Apple just patented a way for anyone to disable the camera on your phone

Today, an article popped up in my Google News feed, with the headline “Apple patented a way to keep people from filming at concerts and movie theaters on their phones“, and to be honest it gave me the chills. At a first glance it doesn’t seem like such a dangerous idea, but just think about it for a seconds.

Giving anyone the ability to remotely disable your camera is a bad idea. A really bad idea. Especially if it can cover an entire venue.

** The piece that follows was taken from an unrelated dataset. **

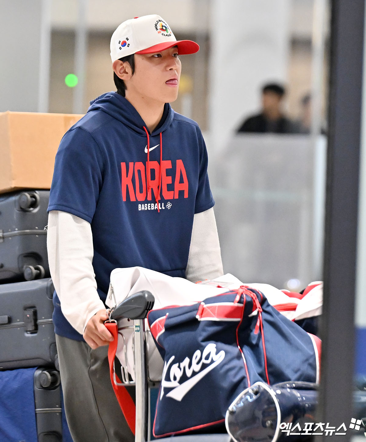 입국장을 빠져나오는 야구 대표팀 김도영.

The patent (9,380,225) does give some other uses, such as letting you watch an information video or hear audio about the item you are pointing your camera at, but the “recording disabled” part is the scary one. It works by an infra-red emitted (just like the one in a TV remote) sends out a signal that is decoded by the camera. And even though you might be able to disable the option to receive infra-red data through the camera, it can not be assumed that this also disables the blocking.

Imagine a high-tech mugger building a little battery-powered box sending out the same signal that he keeps on him when he performs his act. If there is a witness around to record it, the little box the mugger is holding might tell the witness phone that recording is blocked. And building that box in the first place would not be rocket science. Or similar contraptions on police officers and TSA agents, preventing recording where you are by law and constitution allowed to record events for the safety and protection of yourself and others. Or even worse, worn by terrorists to prevent them being caught on camera.

Sure — it is a patent ̣– which means Apple now at least to some extent control the implementations, but in reality it will likely end up with whoever pays can play.